Jodorowsky’s wife Pascale Montandon-Jodorowsky provides lighting, color and costume contributions.  All of these aspects are particularly striking and effective.  His son Aden plays his teenage self, and his oldest son Brontis reprises his role as his father.  Pamaela Flores reprises her role as his mother, again singing all her lines in an operatic style, but she also portrays the poet Stella Díaz Varín, Jodo’s first girlfriend.

This is a somewhat smaller-budget film.  Moviemaking is an industrial art, demanding substantial funds.  It is simply not possible to realize certain things without money.  Jodorowsky is quite open about his outsider status as a filmmaker, and his acceptance that his quest to make art for art’s sake places him squarely in opposition to the profit-focused Hollywood machine.  He ran out of funds mid-way through filming Endless Poetry, and raised the remaining funds through a “crowdfunding” campaign.  While there is the potential to see his efforts as self-aggrandizing, taking Jodo’s mysticism — drawn from zen buddhism, the tarot, and elsewhere — at face value, he doesn’t hesitate to work on his own personal “inner” growth, or to use himself as an example — good or bad — for others.  This attests to some sort of more noble purpose.  Returning to the Last Jedi comparison, this film presents a much more worthwhile exploration of a master/apprentice framework, particularly in the way Jodo appears directly as a kind of narrator.  The Last Jedi is sub-moronic in that respect, when you get down its anti-zen “striving” narrative.  These elements become even more pronounced in later parts of Jodo’s real life.

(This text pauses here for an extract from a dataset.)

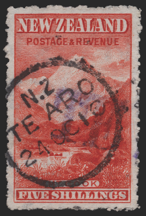 New Zealand 1902-07 5s deep red, perforations 14, watermark 43 upright, well-centred, neatly cancelled by central "TE ARO" circular date stamp of "24 OC 10" and part additional light violet "TE (?ARO)" namestamp.

Jodo is still only part way through film adaptations of the book The Dance of Reality, and that isn’t even counting his other memoirs about episodes of his adult life like The Spiritual Journey of Alejandro Jodorowsky.  Supposedly he plans a five film cycle, of which this is the second.  Though it does seem that the third installment is underway in some form.

Being more about Jodo’s inner struggles to “become himself” when he a teenager, rather than being about his father, makes this just a bit more interesting than its predecessor The Dance of Reality.  The visuals are also more extravagant and memorable here.  This is why movies are made!